Example Workflow¶
This section of the guide covers the process of running of the CCDC
implementation (yatsm.algorithms.ccdc.CCDCesque
), including
the change detection and classification steps of the process, on
an example dataset centered on Harvard Forest in Masssachusetts.
It assumes you have already installed YATSM.
Data¶
The data used in this example are part of the collection of time series subsets described in the landsat_stack repository.
Download at least the p013r030_images.tar.bz2 as described in the repository instructions. Place all downloads in the directory you want to work in (preferably a new directory), and then unzip the files. The directory structure created should look similar to the following:
$ tree
├── p013r030
│ ├── images
│ │ ├── example_img
│ │ ├── example_img.aux.xml
│ │ ├── example_img.hdr
│ │ ├── LE70130301999211EDC00
│ │ │ ├── LE70130301999211EDC00_MTL.txt
│ │ │ ├── LE70130301999211EDC00_stack
│ │ │ ├── LE70130301999211EDC00_stack.aux.xml
│ │ │ └── LE70130301999211EDC00_stack.hdr
...
│ │ ├── LT50130302011316GNC01
│ │ │ ├── LT50130302011316GNC01_MTL.txt
│ │ │ ├── LT50130302011316GNC01_stack
│ │ │ ├── LT50130302011316GNC01_stack.aux.xml
│ │ │ └── LT50130302011316GNC01_stack.hdr
│ │ └── YATSM
│ │ ├── yatsm_r0.npz
│ │ ├── yatsm_r100.npz
...
│ └── maps
│ ├── p013r030_HF_change_first_1985-2016.gtif
│ ├── p013r030_HF_change_first_1985-2016.gtif.aux.xml
│ ├── p013r030_HF_change_last_1985-2016.gtif
│ ├── p013r030_HF_change_last_1985-2016.gtif.aux.xml
...
│ └── p013r030_maps.qgs
├── p013r030_images.tar.bz2
├── p013r030_maps.tar.gz
└── p013r030_results.tar.gz
Setup¶
To use any of the built-in programs that facilitate running time series analysis, we need to describe the time series data using a CSV file and we need to provide our analysis parameters using a configuration file (specified in the YAML format).

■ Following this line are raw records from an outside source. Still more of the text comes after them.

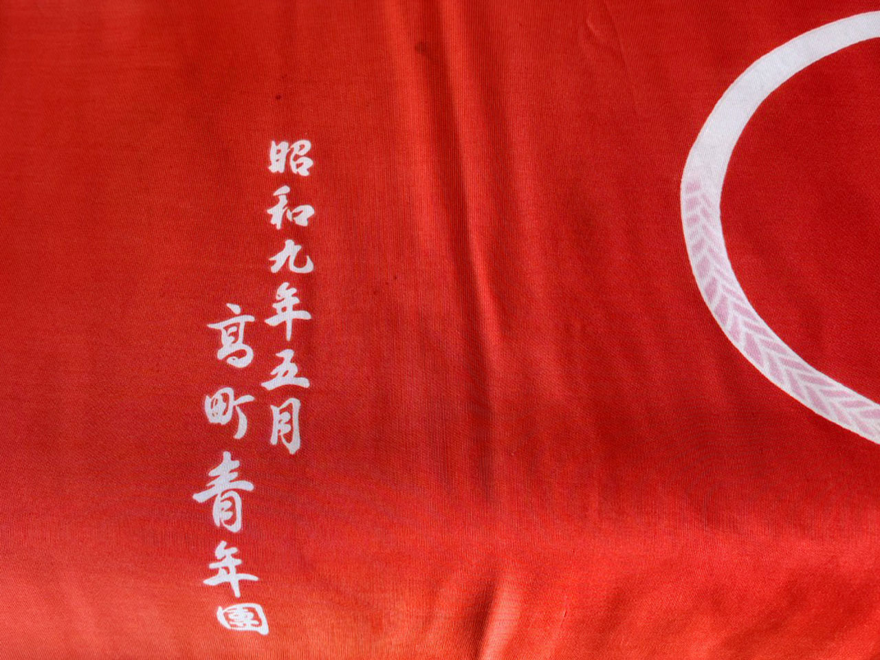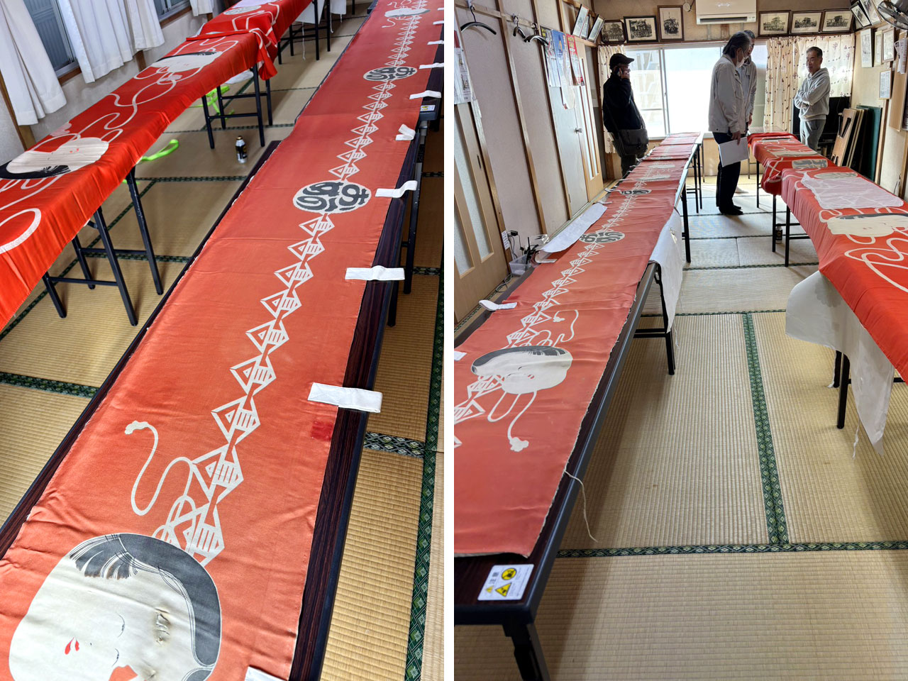 本日、戦前から伝わる高町の希少な屋台の幕(現在は使用していません)の虫干しを行いました。※戦中は、旧内田病院の倉に保管され戦火を免れたという伝説があります。
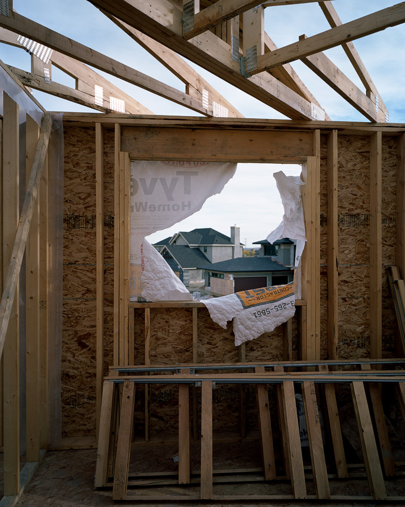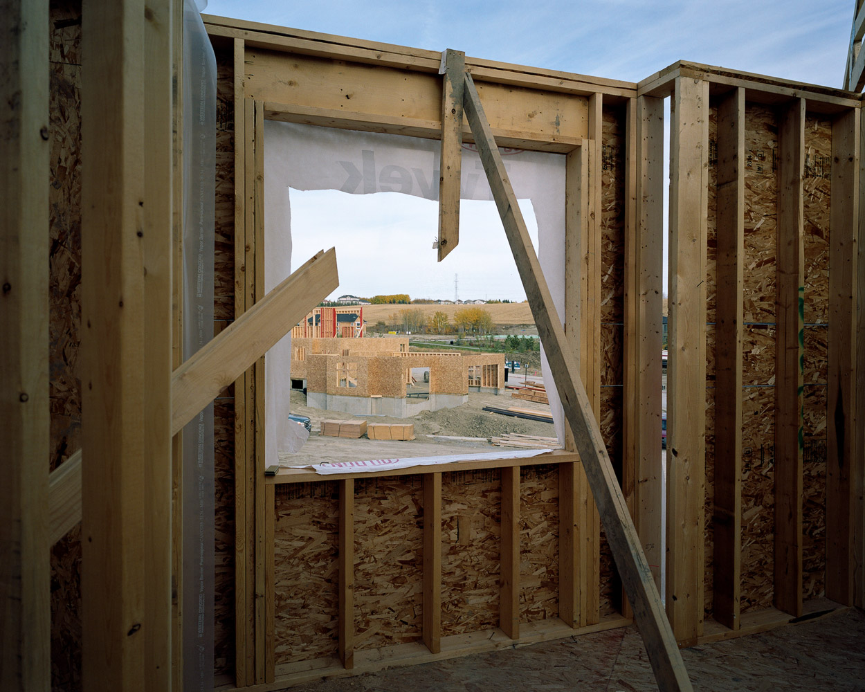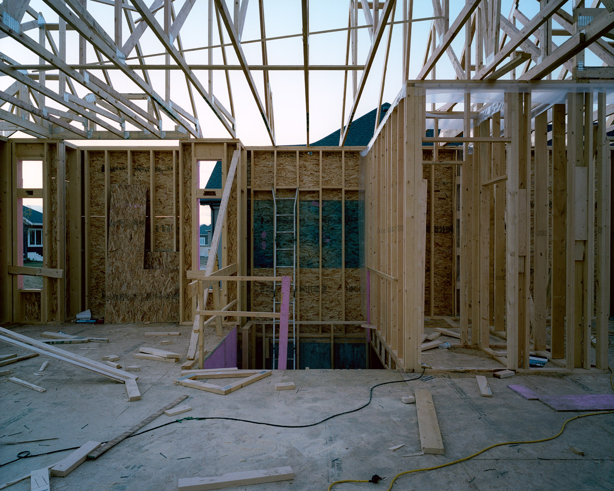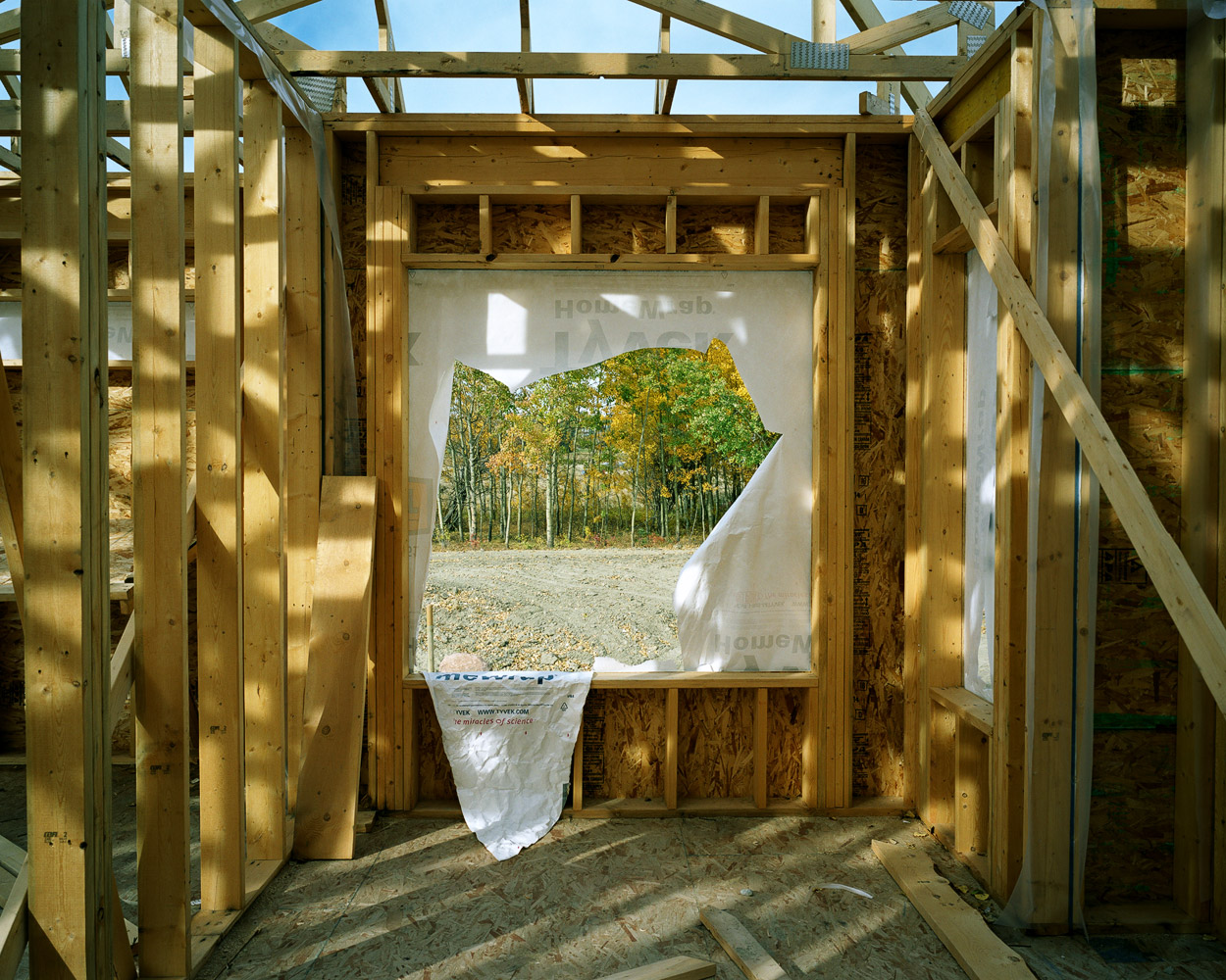 The wood framing stage in the construction of Canadian houses presents an unfolding of space, a partitioning of space that creates space out of space.
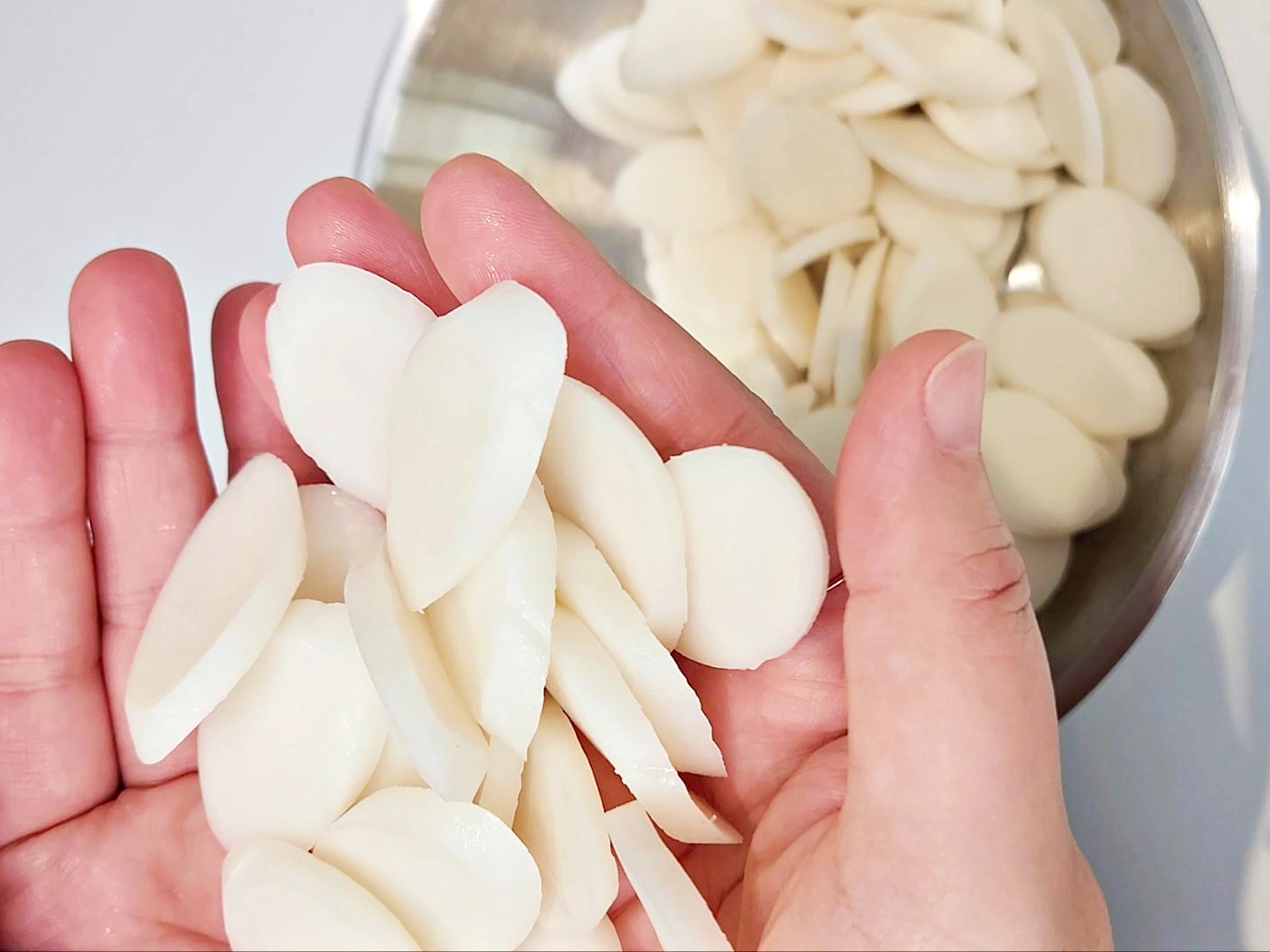 미지근한 물에 떡국떡을 담가
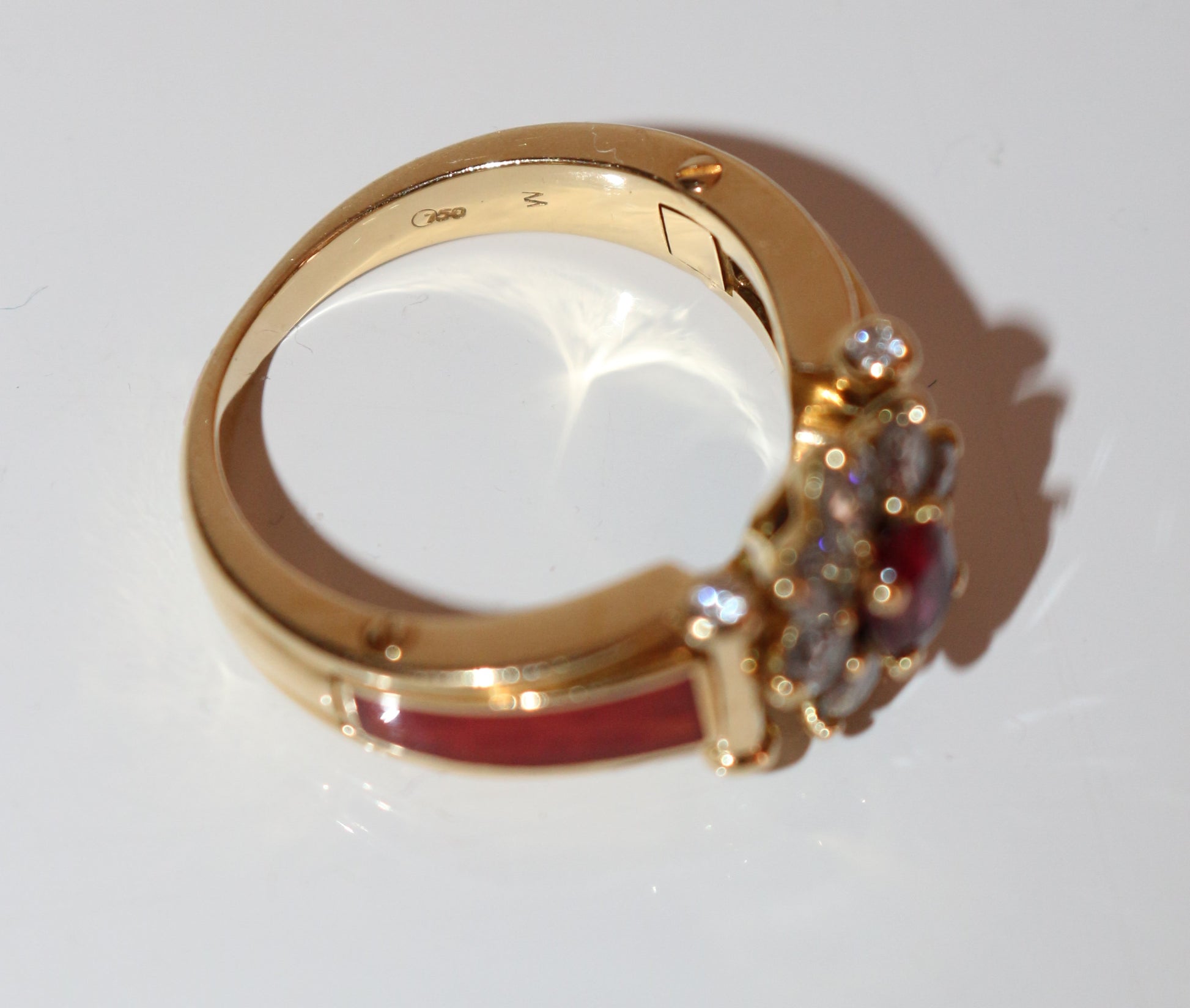 poinçons : 750 + M + poinçon d'orfèvre à demi-effacé, marque Korloff en or sur l'émail rouge
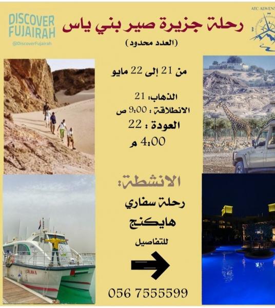 * 21 مايو التجمع في أبوظبي والانطلاق بالسيارات الى ميناء جبل الظنة يبعد ساعتين ونص وثم الصعود الى العبّارة للانتقال إلى جزيرة صير بني ياس .
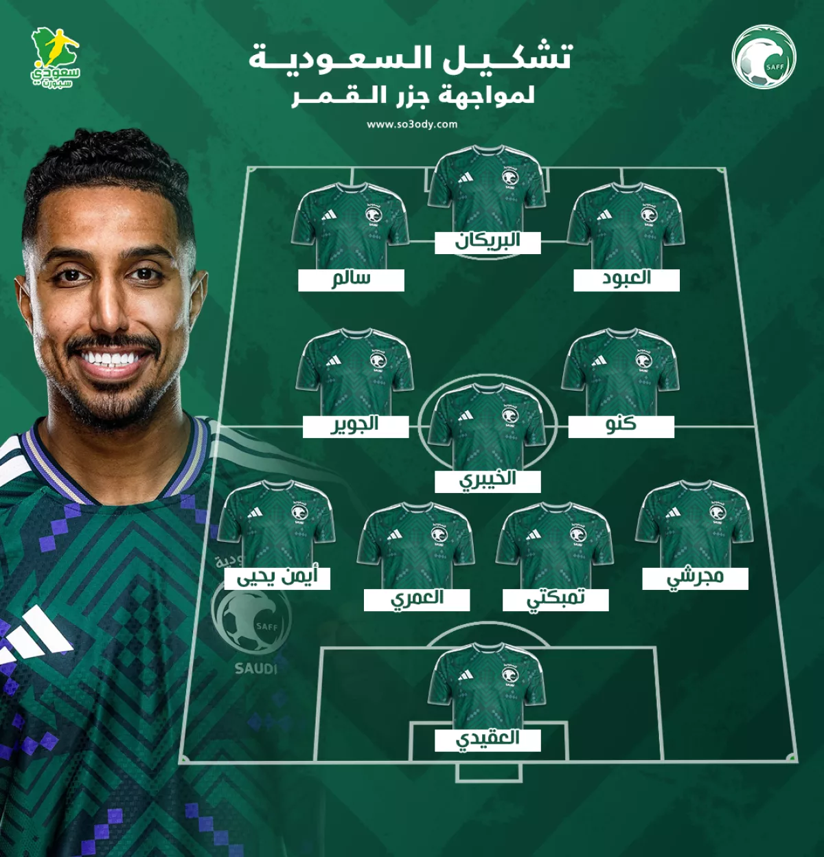 أعلن المنتخب الوطني السعودي لكرة القدم عن تشكيلته الرسمية لمباراته ضد منتخب جزر القمر في بطولة كأس العرب 2025. ويأتي هذا الإعلان قبل انطلاق المباراة التي ستقام اليوم بتوقيت السعودية في إطار الجولة الثانية من دور المجموعات.

To begin, copy the example configuration file located within this repository
as examples/p013r030/p013r030.yaml
, or by downloading it from Github
(p013r030.yaml).
Next, we will use the helper script located at scripts/gen_date_file.sh
to generate a CSV file with the columns date
and filename
and rows for each image we want to include in our analysis. For example,
date,filename
1984162,images/LT50130301984162XXX08/LT50130301984162XXX08_stack
1984274,images/LT50130301984274PAC08/LT50130301984274PAC08_stack
1984290,images/LT50130301984290PAC16/LT50130301984290PAC16_stack
You can use the Bash helper script, located in the repository as
scripts/gen_date_file.sh
, to create this CSV file. If this script
doesn’t work for your data, or you can’t run Bash scripts, generate
this information using some other means.
$ scripts/gen_date_file.sh -v images images.csv
Searching in images
Searching for pattern: L*stack
YYYYDOY starts at 9
Output file is images.csv
Found 423 images
Next, open the configuration file with a text editor and make some changes
under the dataset:
section to point to this newly generated images.csv
file (adjust this name if you named the CSV file something different). Change
the value of the input_file
parameter. You will also want to change the
values for output
and cache_line_dir
, which control the location
of output result files and “cached data” files, respectively.
dataset:
# Text file containing dates and images
input_file: "images.csv"
# Input date format
date_format: "%Y%j"
# Output location
output: "images/YATSM"
# Output file prefix (e.g., [prefix]_[line].npz)
output_prefix: "yatsm_r"
# Total number of bands
n_bands: 8
# Mask band (e.g., Fmask)
mask_band: 8
# List of integer values to mask within the mask band
mask_values: [2, 3, 4, 255]
# Valid range of band data
# specify 1 range for all bands, or specify ranges for each band
min_values: 0
max_values: 10000
# Use BIP image reader? If not, use GDAL to read in
use_bip_reader: False
# Directory location for caching dataset lines
cache_line_dir: "cache"
Pixel Plotter¶
A good first test to make sure your dataset configuration was successful,
as well as a good place to start for experimenting with different runtime
parameters, is using the yatsm pixel
command
Batch Change Detection Processing¶
The next step in the process is to run the change detection on all pixels in your dataset.
Change Detection Visualization¶
Classification Training¶
Find training data, remembering to record the range of time for which
the training data is accurate or relevant for so we will know which
time series segment attributes (X
) to match with the training data
labels (y
).
Classification Prediction¶
Using the trained classifier, classify the time series segments identified in the change detection step.